On Fri, Oct 4, 2024 at 3:57 AM Q Misell via tor-dev tor-dev@lists.torproject.org wrote: [...]
What are people's thoughts on this?
Hi, Q!
I think migrating to QUIC over time might help a lot, particularly in relay-to-relay communications where we have a large number of circuits to multiplex.
## Design points
* I agree we'll need TLS-over-TCP basically forever. Dodgy middleboxes, PTs, and censorship will keep TLS as a requirement. That said, I don't see making relays support two encrypted transports as a complete nonstarter.
* We should keep an eye on the current state of QUIC and HTTP/3 adoption in the wild. I'm seeing statistics around 10%-30% adoption for HTTP/3 and websites, depending on what we count and how. IMO we can only consider QUIC so long as it is ubiquitous, maintained, and very widely used: otherwise, we'll be standing out as weird.
* For this email I'll only talk about using QUIC as a channel transport (between a client and a relay, or a relay and a relay) while keeping our current reliable-in-order circuit and cell behavior— so this won't actually help UDP-over-Tor at all. IMO the fundamental problem with _unreliable_ UDP over Tor is that we don't know really how to anonymize an unreliable out-of-order transport. See https://research.torproject.org/techreports/side-channel-analysis-2018-11-27... for a discussion of the open issues in that area: although that whitepaper discusses DTLS-over-UDP, the problems remain for any unreliable and/or out-of-order version of Tor.
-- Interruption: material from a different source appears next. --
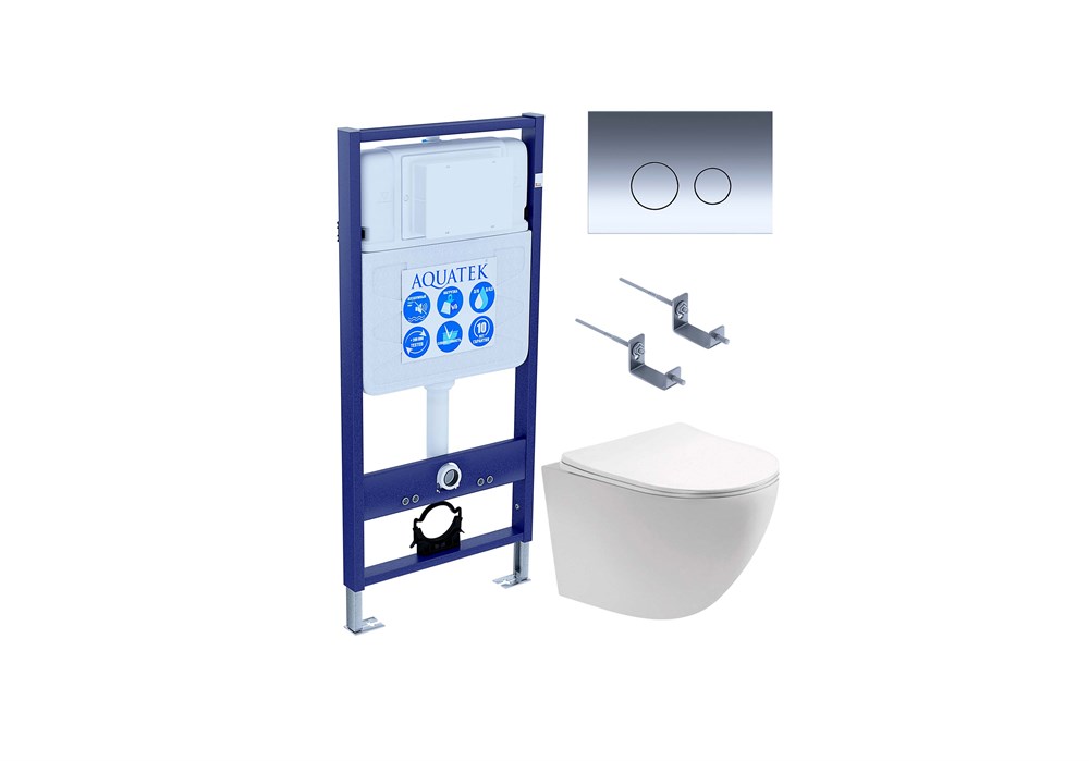 SET AQUATEK ЕВРОПА-018 4в1 (рама AQUATEK Standard INS-0000012 с клавишей KDI-0000018 и крепежом KKI-0000002+унитаз AQ1901-00 с тонким сиденьем sc)

(If anybody wants to talk about that whitepaper or the issues involved in a secure UDP-over-Tor, let's maybe start another thread.)
## Open design and performance questions
There are a few open questions I have that I think we'd want to figure out before we could deploy QUIC in production, but there's no reason not to start thinking about them now, and to start sketching solutions. A project like this would have a multi-year horizon, so we may as well start analyzing now.
* We should figure out how much of our existing circuit scheduling and prioritization tools that we use when stuffing multiple circuits' traffic onto a channel (ewma-priority circuitmux, kist-lite, etc) are still even necessary with QUIC; and to what extent QUIC's native behavior in prioritizing multiple circuits' traffic would be exactly what we want for Tor circuit prioritization and performance.
* We should figure out what, if anything, we would want ether we would want a new end-to-end flow control mechanism if we used QUIC for our circuits.
## Small open security questions
* I believe that QUIC encrypts its stream IDs. That's good: it's essential for Tor's traffic analysis resistance.
* We should look at the QUIC protocol with a fine-toothed comb. There are probably plenty of things that are fine within QUIC's threat model, but questionable for ours. (For example, I could be wrong about this, but there appear to be permissible QUIC token implementations that would leak the responder's current timestamp. That's not a great idea in our protocols; we try to keep everybody's timestamp a bit vague to avoid fingerprinting attacks against time-skew. Thus, we'd need to look hard at what our implementation actually did.)
## Big open security questions
Somebody needs to analyze whether QUIC's resilience to packet loss provides any new traffic analysis or traffic tagging opportunities. I don't know if there are any such attacks at present, but we should think hard about the changes properties we would get with QUIC , and identify what they'd do to traffic analysis.
Here's one example of what I mean. As it stands today in Tor, messing with a TCP packet will just stall the channel until TCP retransmits occur, and messing with a TLS record will kill off the channel with an error. But with QUIC, if you drop a packet, only a single QUIC stream (corresponding to a Tor circuit) would be disrupted until the loss could be detected and the data transmitted. I don't *think* that's necessarily a problem, but we should probably analyze it. (For all I know, this property might make traffic analysis _weaker_.)
And also: under the current Tor design, if a relay has a channel on which it receives a cell for circuit 1 and then a cell for circuit 2, it can't credibly pretend to have gotten the second cell but not the first. But if we use QUIC, then a relay can pretend that circuit traffic has arrived in any order it wants. FWIW, I don't currently see a way to actually make our security worse with
## In conclusion
I like Tor-over-QUIC and think it's a neat idea, but there's a lot of investigation to be done. I wonder what some logical next steps would be here?